Creating CCRs with gnomAD 2.1 and new Ensembl builds.

This repo will allow you to create the model for the new Ensembl format and the new INFO-field-heavy gnomAD. This is a great way to get a quickstart on how the model is run. Run these two simple bash commands and it will run all the python scripts and bash code you need to grab all files and create the CCR model files.

First, run:

bash newfiles.sh

to grab everything you need. This will also run bash varmake.sh and create vt decomposed and normalized files for the gnomAD VCF annotated with appropriate VEP fields. It may take a while. This also uses get-chain.py to create the self-chain file and creates the results and data folders in this folder. The output of this script goes entirely into the data folder. The segmental duplication and self-chain files segmental.bed.gz and self-chains.id90.bed.gz are placed into this folder, the GRCh37 FASTA file grch37.fa, the final version of GRCh37 Ensembl exons GTF file Homo_sapiens.GRCh37.85.gtf.gz, the version 2.1 gnomAD VCF gnomad.exomes.r2.1.sites.vcf.bgz, and lastly the coverage file for gnomAD 2.1 labeled as gnomad.exomes.coverage.summary.tsv.bgz. The varmake.sh script takes the gnomAD VCF file and outputs a decomposed, normalized, VEP-annotated file called gnomad2.1-vep-vt.vcf.gz in the same folder.

Then run:

bash newrun.sh

to run newccrs.sh for all versions of the model found in the manuscript. It contains examples of how the code is run to obtain the versions used in the manuscript. It creates output using newccrs.sh in two folders. results/newgnomAD10.x5 is the full autosome-based model. Lastly, results/newXchrom is the X chromosome only version of CCR, dubbed X-CCR, which is also referenced in the paper's supplement.

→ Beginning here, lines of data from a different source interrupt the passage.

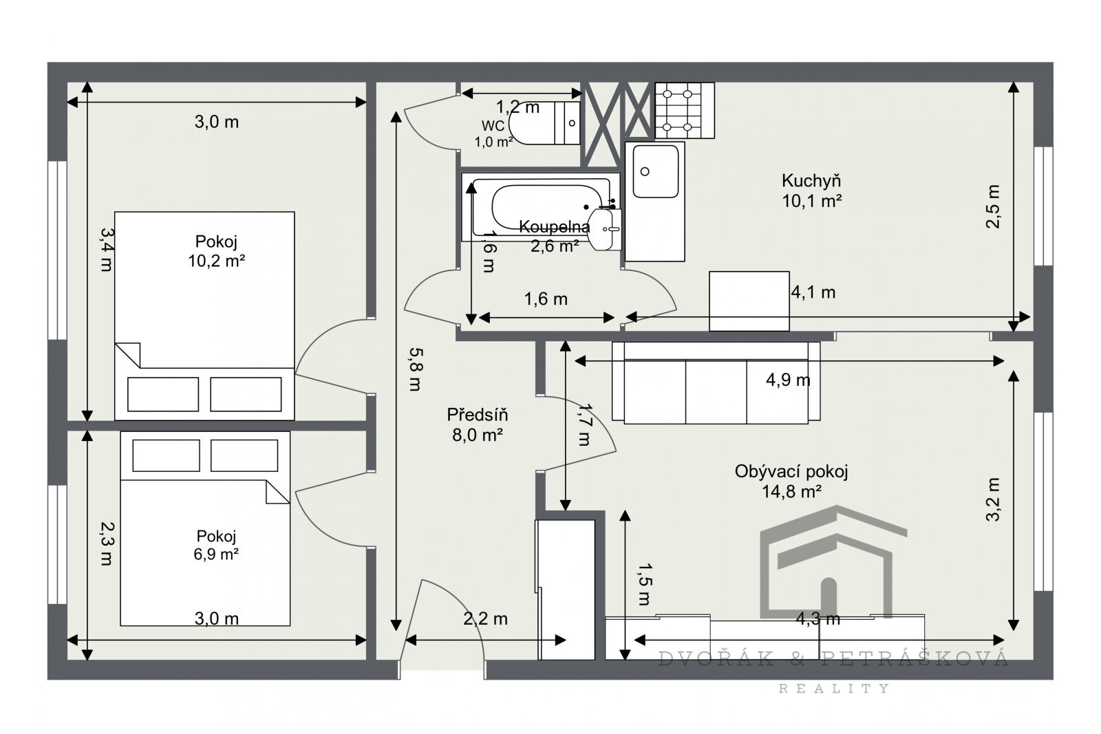 Realitní společnost Dvořák & Petrášková reality vám nabízí k prodeji byt v osobním vlastnictví 3+1 se sklepem a komorou na patře o celkové ploše 56 m2.
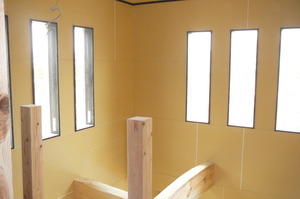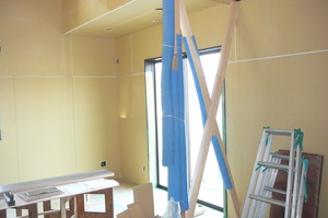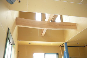 吹き抜けの壁もほぼ完成です                 アクセントの化粧丸太もいい感じです
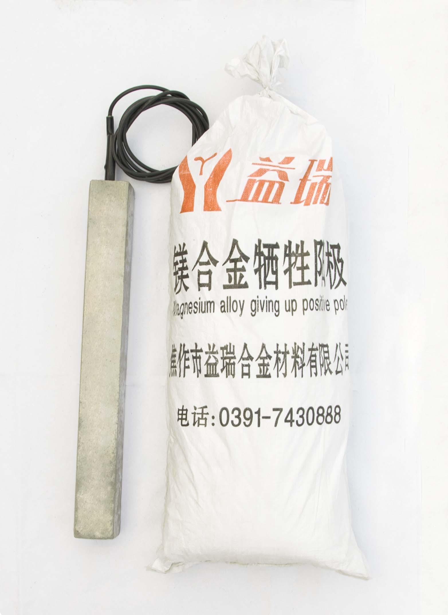 以上的鎂合金犧牲陽極也可以經組裝后提供給客戶。裸陽極首先和電纜連接,連接部位用環(huán)氧樹脂密封。然后加填充料封裝在棉布袋里。
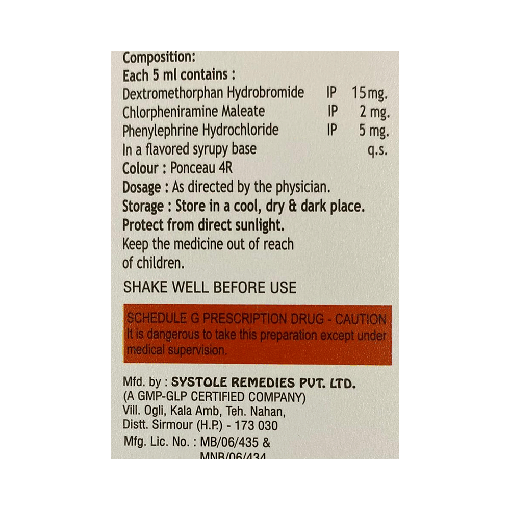 Salt Composition: Phenylephrine (5mg/5ml) + Chlorpheniramine Maleate (2mg/5ml) + Dextromethorphan Hydrobromide (15mg/5ml)
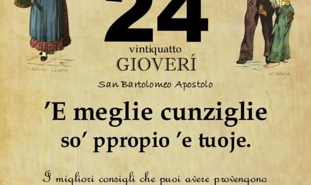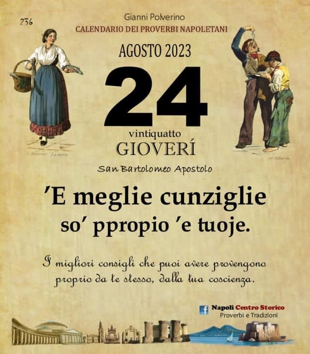 ‘O PRUVERBIO D’ ‘O JUORNO. Giovedì 24 agosto 2023 24/08/2023 binews.it ATTUALITA', EVIDENZA, Il Proverbio del Giorno 0 di Gianni Polverino ’E meglie cunziglie so’ ppropio ’e tuoje. I migliori consigli che puoi avere provengono proprio da te stesso, dalla tua coscienza.
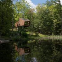 Whether one wants to enjoy a good novel, go swimming or take in the stupendous views, the Willow Treehouse, just 15 minutes from the town of Woodstock in New York, proves to an amazing escape. Overlooking the pond, this futuristic wooden building was designed
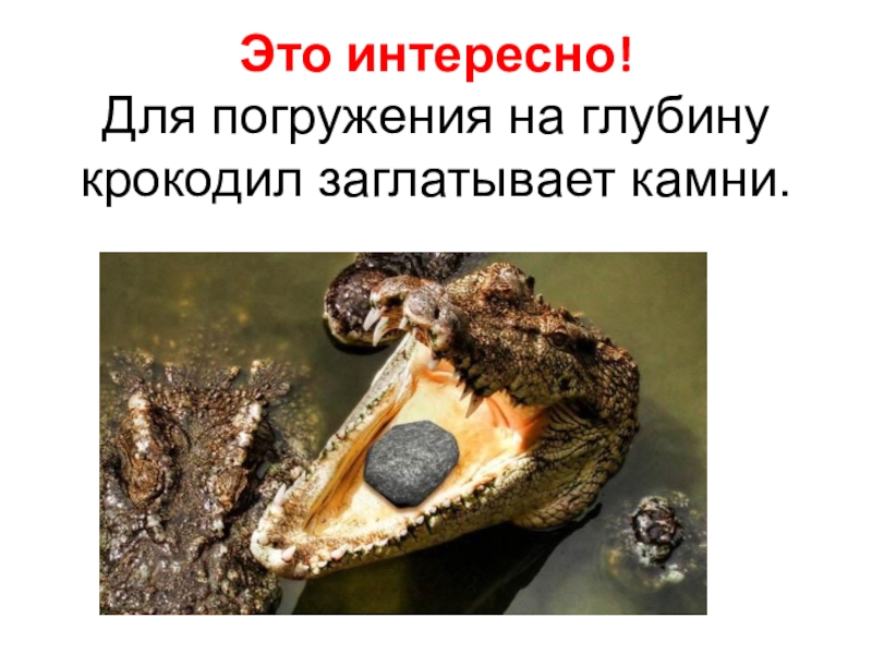 Слайд 8 Это интересно! Для погружения на глубину крокодил заглатывает камни.
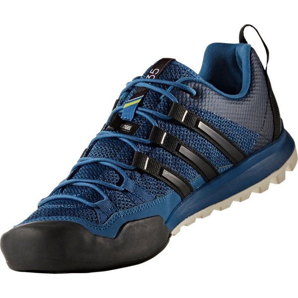 Mocna, a jednocześnie oddychająca konstrukcja sprawia, że buty są niemal nie do zdarcia. Pętle z tyłu butów dają możliwość ich przyczepienia do plecaka lub uprzęży wspinaczkowej, co ułatwia transport na skałki! Podeszwa zewnętrzna Stealth® zapewnia wysoką przyczepność do każdej, nawet najtrudniejszej nawierzchni. Z kolei pochłaniająca wstrząsy miękka pianka EVA oraz technologia adiPRENE+, zapewniają jednocześnie świetną amortyzację krok po kroku i... skała po skale! Buty doskonałe również na co dzień, sprawdzą się świetnie jako obuwie całoroczne.
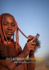 Young Himba tribe woman with traditional hairstyle, Omusati region, Ruacana, Namibia

In each results folder, weightedresiduals-cpg-synonymous-novariant.txt is the final file containing all CCRs with appropriately adjusted percentiles. The resids-cpg-synonymous-novariant.txt is the file before size-weighted percentile adjustment, and exac-regions-novariant.txt is the file of all the regions generated with no model applied to ranking them at all.

Lastly, to create the bgzipped, sorted and tabixed bedfiles, as seen on the CCR browser run:

bash newbeds.sh

which will create the appropriately versioned bgzipped bedfiles in the corresponding results folders.

newccrs.sh

So to run the full autosomal model much as we did in the manuscript, we used the following command:

bash newccrs.sh -c -w -s -v newgnomAD10x.5 -d 10 -d 0.5 -x data/segmental.bed.gz -x data/self-chains.id90.bed.gz -q X -q Y -u

So the options for running newccrs.sh are as follows:

About the model code

newccrs.sh will run exac-regions.py and resid-plot.py (it also runs weightpercentile.py) using the above. If you want more information on the inputs to those individual functions, just run the python scripts with -h to get the descriptions of all the inputs. You do not have to use regions.sh to run the model.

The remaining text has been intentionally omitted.